Name: Linda Hofke
Location: I am originally from Pennsylvania but have lived in Germany for 11 years now.
How do you know Cara? We kept crossing paths in mutual groups and forums. First there was Poetic Asides, then Sketchbook, The River of Stones project, Poetic Bloomings. Eventually, we connected on Facebook. Gosh, when I list all the sites like that, even though it was purely incidental, it makes me feel like some sort of poetic stalker. Watch out! When you least expect it I might attack with an awful attempt at alliteration or pester you with anapestic meter. Seriously, though, I’m a fan of her work.
How long have you been writing poetry? In elementary school I wrote what I’d call silly rhymes, not really poems. However, I spent more time writing short stories at that time. Then we studied Carl Sandburg and I was taken in by his Fog poem, by how one could paint a visual picture and mood in another’s mind with just a few words. Later, perhaps seventh or eighth grade, we studied the work of Langston Hughes and it hit me. Poetry is a voice captured on paper, one that can cry, scream, whisper, rejoice, even laugh within the confines of a page. That’s when I started exploring the craft of writing poetry. I’ve been writing it every since.
What kind of poetry do you write? I prefer free verse over rhyme, except when writing humorous verse for children (which is a lot of fun) but also like to dabble with form. Except the sestina. They make me want to pull out clumps of my hair as I write them, and I hate every sestina I’ve ever written. Every. Single. One. (which amounts to a total of two and still holding) I’ve recently discovered the tanka form and am having fun with it.
Please share a poem:
The Spinning of Wool
The last time the earth swallowed me whole
was the day a choir of angels flew,
singing their welcome song for you
as they gently lifted your eternal soul
from its earthly home to that celestial pole
where you, my old friend, begin life anew.
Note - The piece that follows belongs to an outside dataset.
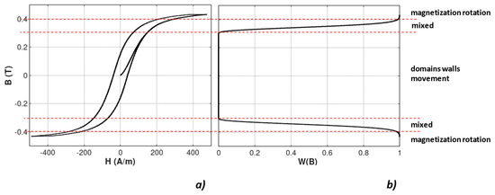 Figure 1 presents the example of the magnetic hysteresis B(H) loop together with W(B) dependence. The region of the domain wall movement, the region of the domains magnetization rotation, as well as the region of mixed mechanism can be clearly observed.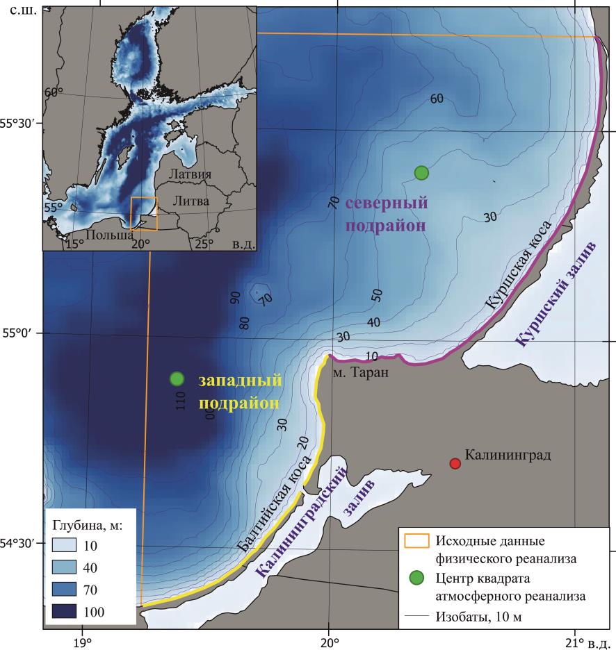 Оценка пространственной изменчивости и количественных характеристик повторяемости температурных аномалий, идентифицируемых как поверхностное проявление апвеллингов, проводилась по среднесуточным данным о температуре воды с пространственным разрешением 4 км на глубине 1,5 м с июня по август в 2000–2019 гг. Данные получены из массива физического реанализа Балтийского моря (CMEMS) 1. Участки акватории в прибреж-ной зоне, температура в которых была на 1°C ниже фоновых значений для выделенного района открытого моря, отмечались как зоны апвеллингов (подробнее метод описан в [2]). За событие апвеллинга принималось наличие ячеек отрицательной аномалии температуры в прибрежной зоне продолжительностью от одних суток площадью от одной ячейки. С применением данной методики были идентифицированы даты и области апвеллингов для акватории ЮВБ, ограниченной координатами 19,236–21,200° в. д., 54,300–55,725° с. ш. (рис. 1) по двум подрайонам: западному (западное побережье Калининградской области и побережье Балтийской (Вислинской) косы) и северному (северное побережье Калининградской области и побережье Куршской косы).

I remain with fond memories to carry me through,
to hold on to times shared, to help console,
but mostly, I am reminded what a fragile thread
life is, how we fail to recognize that time spins
the wool continuously, always growing thinner,
ready to snap at any given moment, the dead
then wrapped in pure heavenly skins,
no longer of earthly being, no longer sinner.
Love of children’s verse; hatred of sestina … we are KINDRED SPIRIT!
Your “Spinning of Wool” is beautiful, inspirational, and well crafted.
So glad to see you highlighted here, Linda!
I wonder if there is someone out there whose favorite form is the sestina. And then I wonder what planet they are from. 🙂
Yay Linda! Beautiful poem.
Go Linda! Beautiful poem.
An absolutely beautiful “showcase”. ..poetic in its own “write” … Just lovely … Thanks Cara and Linda! 🙂
So lovely seeing Linda here. As a fellow Sestina hater (I have penned two, both terrible, and needed a Siesta immediately after), I LOVE this little interview. 🙂
LOVE your poem, especially this line:
“then wrapped in pure heavenly skins…”
Thanks, De. Maybe we should write a I Hate Sestinas poem.Or a “non-sestina”. I am not sure what a non-sestina form might be but I am willing to create one. How about the beginning letter of the ending word in each line instead of the actual same word. THat might work much better.
Yeah, Linda! I’m so happy to see you here, my friend.
Thanks, Laurie. You’re the best.
Lovely Linda! So nice to see you here. Beautiful poem.
read this once , forgot to comment … glad I made it back over here … nice interview Cara and Linda … a further glimpse into the life of this poet living across the pond … I agree with the others, lovely poem
Linda!! Poetic stalker! You make me laugh with…so fun to see you here! Your “Spinning Wool,” is so creative such spirit and beauty in this. Thank you, both!
Thanks, Hannah. And glad I made you laugh. Laughing is one of my favorite things and it’s always better when you can do it with friends.
SO true, Linda!!! It IS the best medicine!! Warm smiles to you!!